Records shown:
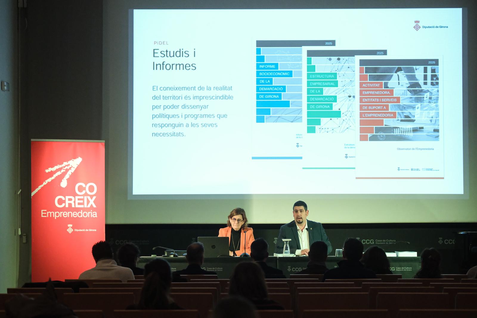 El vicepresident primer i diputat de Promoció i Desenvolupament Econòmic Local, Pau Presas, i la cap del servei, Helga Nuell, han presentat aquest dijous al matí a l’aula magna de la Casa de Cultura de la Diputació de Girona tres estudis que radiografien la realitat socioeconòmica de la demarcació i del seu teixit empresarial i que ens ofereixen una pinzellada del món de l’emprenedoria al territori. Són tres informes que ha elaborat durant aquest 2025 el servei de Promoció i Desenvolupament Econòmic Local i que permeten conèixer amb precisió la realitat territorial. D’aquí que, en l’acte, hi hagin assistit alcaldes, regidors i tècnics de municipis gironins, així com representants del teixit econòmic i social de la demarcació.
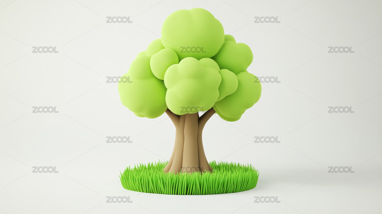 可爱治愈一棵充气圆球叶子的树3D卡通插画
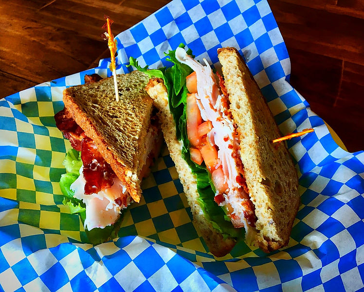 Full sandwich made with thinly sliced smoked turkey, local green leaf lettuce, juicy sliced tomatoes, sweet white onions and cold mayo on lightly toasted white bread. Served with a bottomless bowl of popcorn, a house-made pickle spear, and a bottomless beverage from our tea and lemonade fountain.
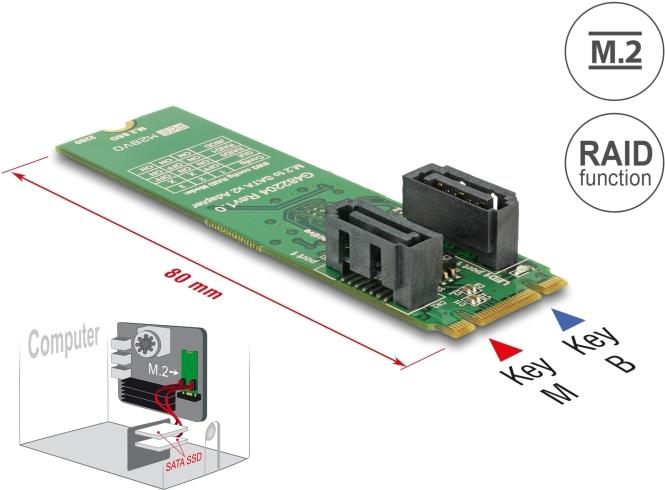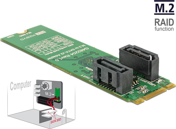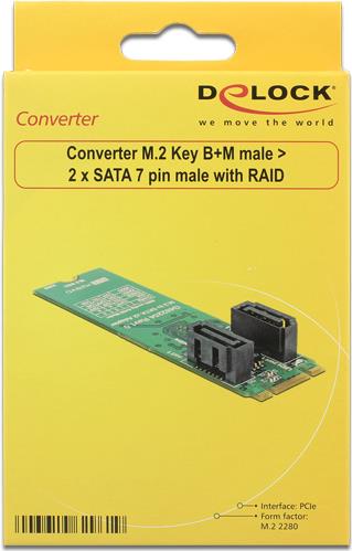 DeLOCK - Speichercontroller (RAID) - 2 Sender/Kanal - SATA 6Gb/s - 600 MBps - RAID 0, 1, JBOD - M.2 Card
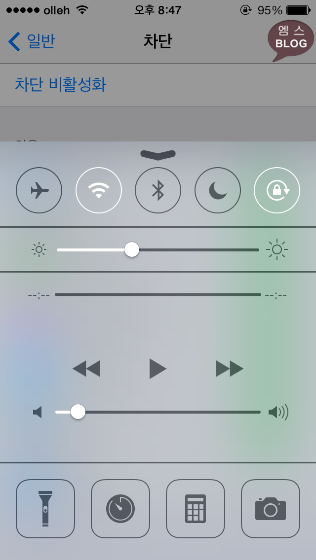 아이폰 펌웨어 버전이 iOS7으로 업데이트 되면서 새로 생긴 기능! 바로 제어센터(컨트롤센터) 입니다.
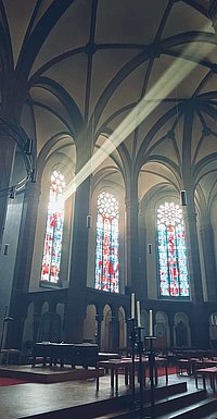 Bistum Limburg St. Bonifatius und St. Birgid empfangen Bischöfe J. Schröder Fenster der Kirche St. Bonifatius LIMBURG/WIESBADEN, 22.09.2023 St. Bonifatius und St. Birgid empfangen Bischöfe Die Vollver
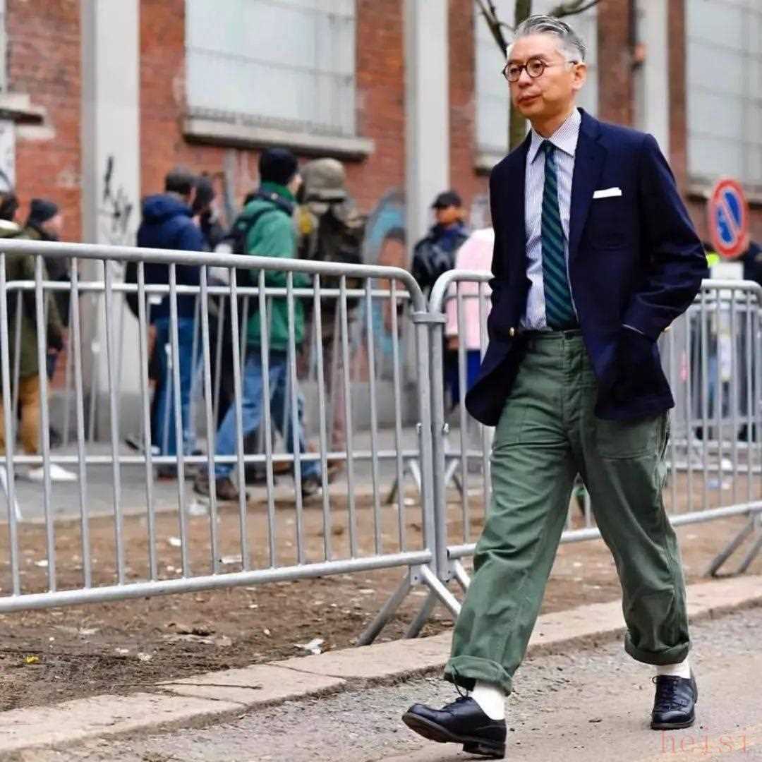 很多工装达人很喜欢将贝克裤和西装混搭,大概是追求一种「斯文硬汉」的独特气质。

Task instructions: Transcribe each record exactly as it stands, setting aside any pictures.

Exercise response:
 El vicepresident primer i diputat de Promoció i Desenvolupament Econòmic Local, Pau Presas, i la cap del servei, Helga Nuell, han presentat aquest dijous al matí a l’aula magna de la Casa de Cultura de la Diputació de Girona tres estudis que radiografien la realitat socioeconòmica de la demarcació i del seu teixit empresarial i que ens ofereixen una pinzellada del món de l’emprenedoria al territori. Són tres informes que ha elaborat durant aquest 2025 el servei de Promoció i Desenvolupament Econòmic Local i que permeten conèixer amb precisió la realitat territorial. D’aquí que, en l’acte, hi hagin assistit alcaldes, regidors i tècnics de municipis gironins, així com representants del teixit econòmic i social de la demarcació.
 可爱治愈一棵充气圆球叶子的树3D卡通插画
 Full sandwich made with thinly sliced smoked turkey, local green leaf lettuce, juicy sliced tomatoes, sweet white onions and cold mayo on lightly toasted white bread. Served with a bottomless bowl of popcorn, a house-made pickle spear, and a bottomless beverage from our tea and lemonade fountain.
 DeLOCK - Speichercontroller (RAID) - 2 Sender/Kanal - SATA 6Gb/s - 600 MBps - RAID 0, 1, JBOD - M.2 Card
 아이폰 펌웨어 버전이 iOS7으로 업데이트 되면서 새로 생긴 기능! 바로 제어센터(컨트롤센터) 입니다.
 Bistum Limburg St. Bonifatius und St. Birgid empfangen Bischöfe J. Schröder Fenster der Kirche St. Bonifatius LIMBURG/WIESBADEN, 22.09.2023 St. Bonifatius und St. Birgid empfangen Bischöfe Die Vollver
 很多工装达人很喜欢将贝克裤和西装混搭,大概是追求一种「斯文硬汉」的独特气质。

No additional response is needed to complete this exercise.